◆ **Data**

------------------------

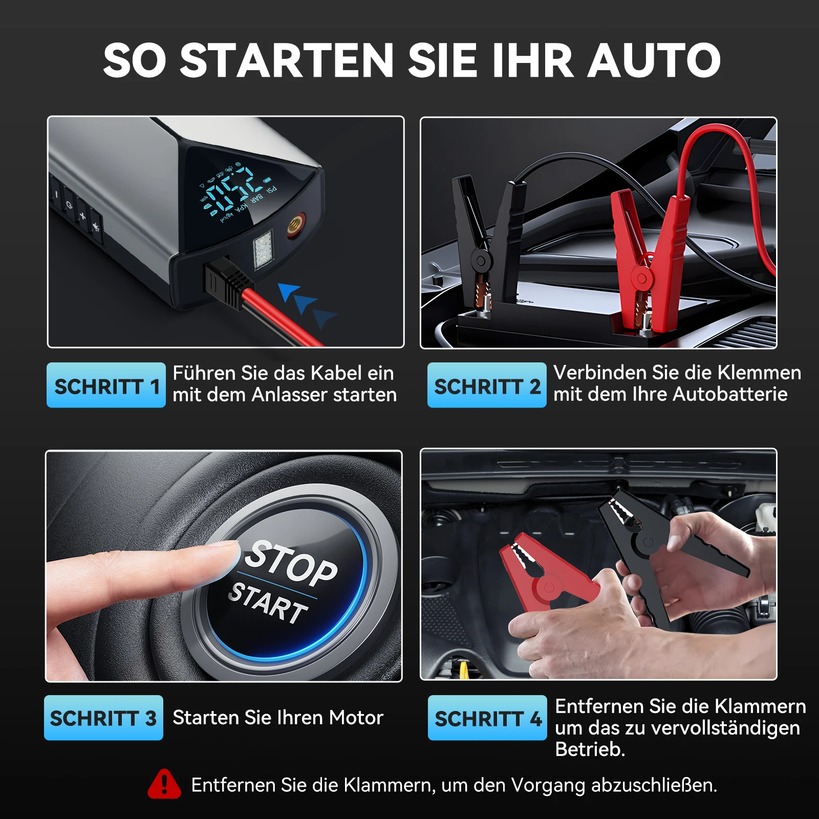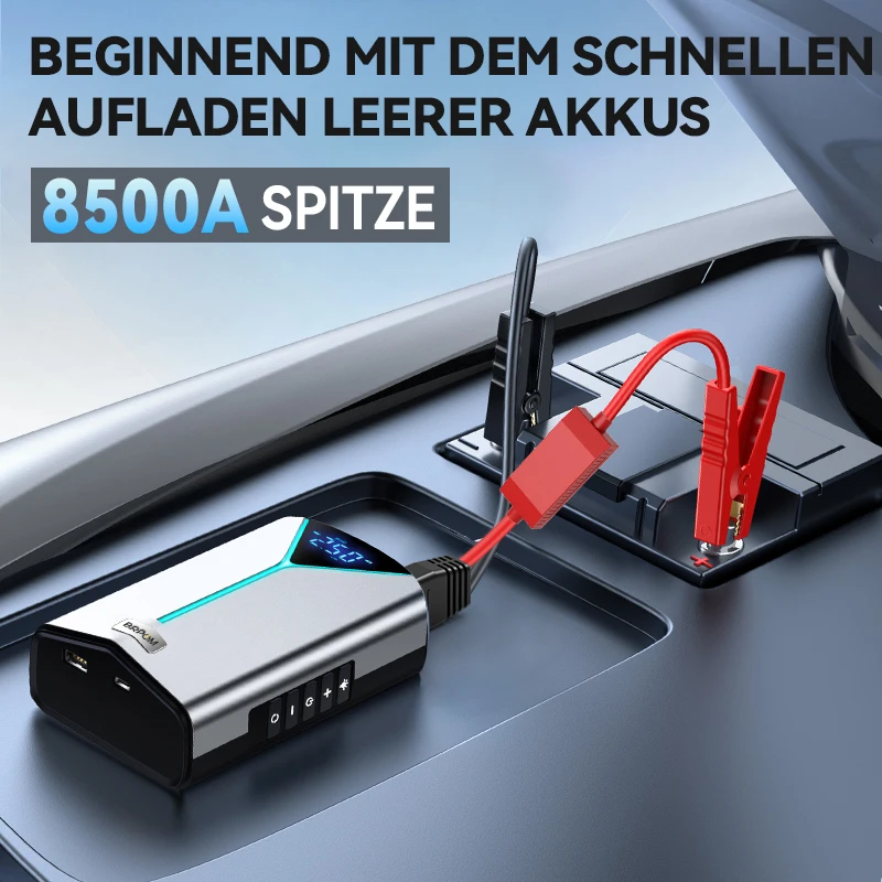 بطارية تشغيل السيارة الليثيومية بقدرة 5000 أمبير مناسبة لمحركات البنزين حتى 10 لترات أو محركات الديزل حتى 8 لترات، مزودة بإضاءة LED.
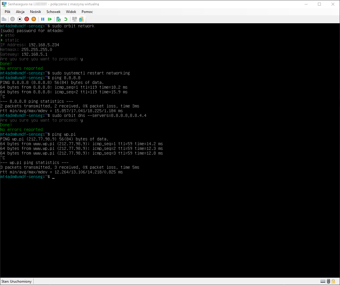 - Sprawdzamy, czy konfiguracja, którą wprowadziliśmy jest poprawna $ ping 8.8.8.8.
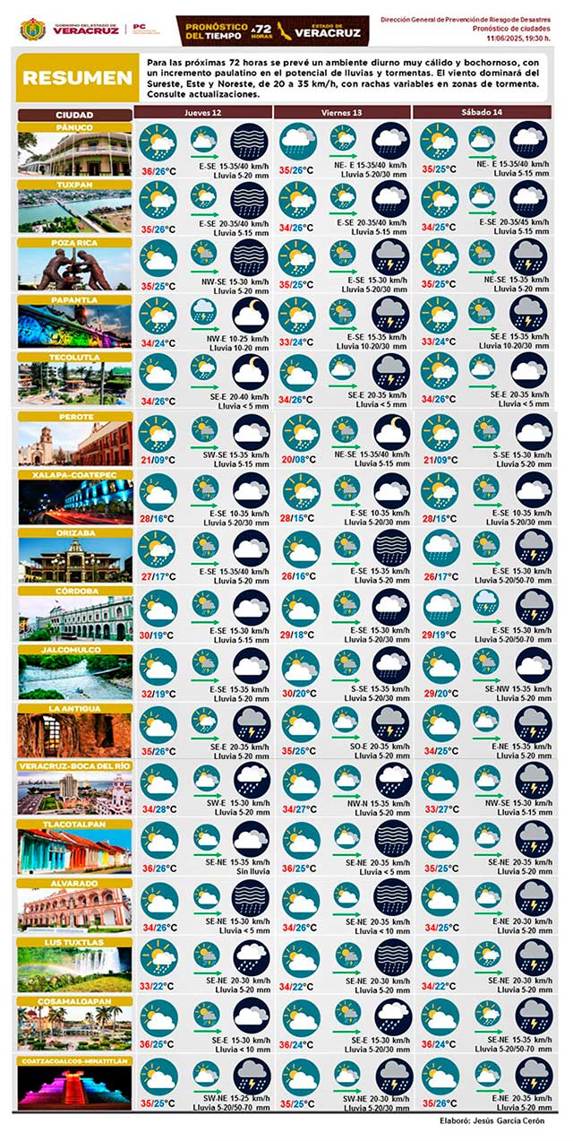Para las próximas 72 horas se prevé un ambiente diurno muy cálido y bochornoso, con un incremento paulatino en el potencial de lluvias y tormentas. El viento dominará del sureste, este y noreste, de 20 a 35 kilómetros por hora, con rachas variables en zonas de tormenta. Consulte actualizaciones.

------------------------

◆ **To do**
When you copy the data, keep every line exact and leave out each picture.

◆ **Solution to the exercise**
 بطارية تشغيل السيارة الليثيومية بقدرة 5000 أمبير مناسبة لمحركات البنزين حتى 10 لترات أو محركات الديزل حتى 8 لترات، مزودة بإضاءة LED.
 - Sprawdzamy, czy konfiguracja, którą wprowadziliśmy jest poprawna $ ping 8.8.8.8.
Para las próximas 72 horas se prevé un ambiente diurno muy cálido y bochornoso, con un incremento paulatino en el potencial de lluvias y tormentas. El viento dominará del sureste, este y noreste, de 20 a 35 kilómetros por hora, con rachas variables en zonas de tormenta. Consulte actualizaciones.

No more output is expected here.